In housing companies, the corona crisis delayed decision making and renovation project plans during 2020, but if the corona situation allows it, the pent-up renovation needs are expected to boost demand in apartment renovations. According to Euroconstruct, the corona crisis has had both positive and negative effects on the renovations of commercial and public properties, but the overall impact has remained negative. There have been delays in starting work at new renovation sites, but on the other hand activity levels have been even better than normal at work sites where customers or users of the buildings have not been present due to corona restrictions.
According to Statistics Finland’s most recent figures, construction material costs continued to rise rapidly in June. Building costs rose by 4.2 percent in June 2021 from the previous year. The prices of materials went up by 5.5 percent and labour costs by 3.5 percent. The prices of services remained unchanged from the previous summer. Prices rose for nearly all building materials, but the price development of steel products and timber has accelerated particularly for several months already. The Confederation of Finnish Construction Industries RT’s June housing construction survey indicates that housing construction may slow down during the latter part of the year, because raw material shortages and raw material prices both escalated in the beginning of the year, and labour shortages are also increasing.
The renovation market in general
The value of professional renovations in total was nearly 14 billion euro in 2020, with residential building renovations’ share amounting to 8.0 billion euro. Most renovations are conducted in apartment buildings and row houses.
Professional renovation has grown nearly continuously in Finland for the past 20 years. Renovations’ share of all construction was approximately 47 percent in 2020.
Public service construction, especially schools and hospitals, has grown rapidly in recent years. New construction of schools is estimated to continue active, but on the whole public construction is expected to decline in upcoming years. This will have a considerable impact on the volume development of construction.
The need for facade renovations is growing, mainly due to the age of the building stock in Finland. Residential construction was at its heights in the 1970s and the building technology, facades and structures from that time now require major renovations. However, housing companies from the 1960s have still been renovated most when looking at the value of the renovations in proportion to the net floor area. Housing companies from the 1960s are clearly the largest group especially in building technology renovations.
Building technology renovations are the fastest growing area of renovations, including for example pipeline renovations, heating, ventilation, cooling and electrical renovations. They have made up nearly half of all housing company renovations in recent years. About 70 percent of building technology renovations are pipeline renovations.
Structures and facades are the second largest group, making up nearly 40 percent of all renovations. For financial reasons, facade renovations have had to be postponed in many housing companies to make room for pipeline renovations. According to the Finnish Real Estate Federation’s renovation barometer, there is currently almost the same number of facade and pipeline renovations ongoing in housing companies. The barometer estimates that in upcoming years renovation needs will focus increasingly on facades.
Approximately one fifth of renovations are repair and maintenance renovations.
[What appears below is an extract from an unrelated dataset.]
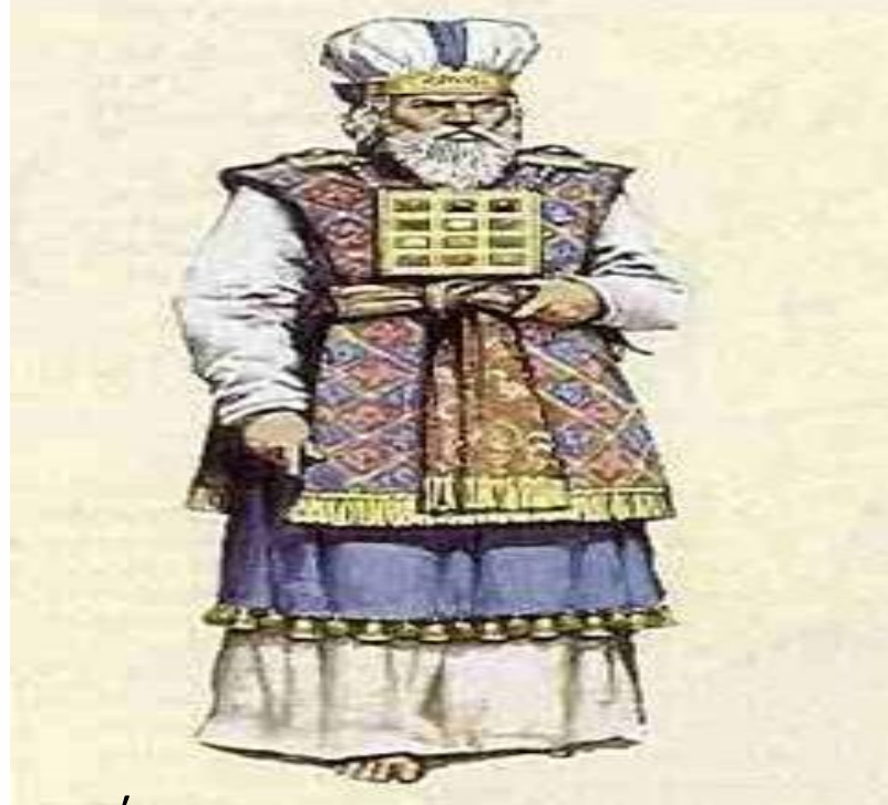
Εικόνα 1: Αρχιερέας.

The demand for renovation is maintained by the large building stock of residential buildings from the 1970s and also renovation needs in commercial and office buildings. In the 1980s commercial and office building construction was especially large-scale in Finland, and in the 1990s and early 2000s more commercial and office buildings were built than residential buildings. Premises from that era do not necessarily meet present-day needs. In addition, the growing amount of remote work and online shopping due to the corona pandemic add new challenges to the efficient use of premises.
Megatrends such as aging population, urbanisation and climate change also add to renovation needs. Like new construction, renovation is also estimated to continue concentrating to growth centres.
Climate change mitigation requires for instance improved energy efficiency in buildings, as stipulated in the EU’s energy efficiency directive. This is fostered for example with building technology and facade renovations. Adaption to weather variations caused by climate change necessitates meticulous maintenance of facades in particular.
Outlook for 2021
The coronavirus pandemic continues to cause uncertainty to Consti’s operating environment. Although market research institutes expect the renovation market to grow in 2021, new waves of the pandemic and lockdowns remain possible. The operating environment for the rest of the year is also affected by the rapid increase in the cost of building materials and possible problems related to availability of the materials. The increase in the price level and availability of building materials did not have a significant impact on Consti's business in the first half of the year. In the second half of the year, the impact is estimated to be somewhat larger in those ongoing projects where a rapid increase in material costs has not been sufficiently considered at the tendering phase. In the second half of 2021, Consti will focus on ensuring business performance and implementing the strategy.
As a result of the arbitral award, Consti lowered its guidance for 2021 on 11 June 2021. According to the new guidance the Company estimates that its operating result for 2021 will be in the range of EUR 4-8 million
Press conference
Microsoft Teams meeting for analysts, portfolio managers and media representatives, will take place 23 July 2021, at 10:00 a.m. (EET). The meeting will be hosted by CEO Esa Korkeela and CFO Joni Sorsanen.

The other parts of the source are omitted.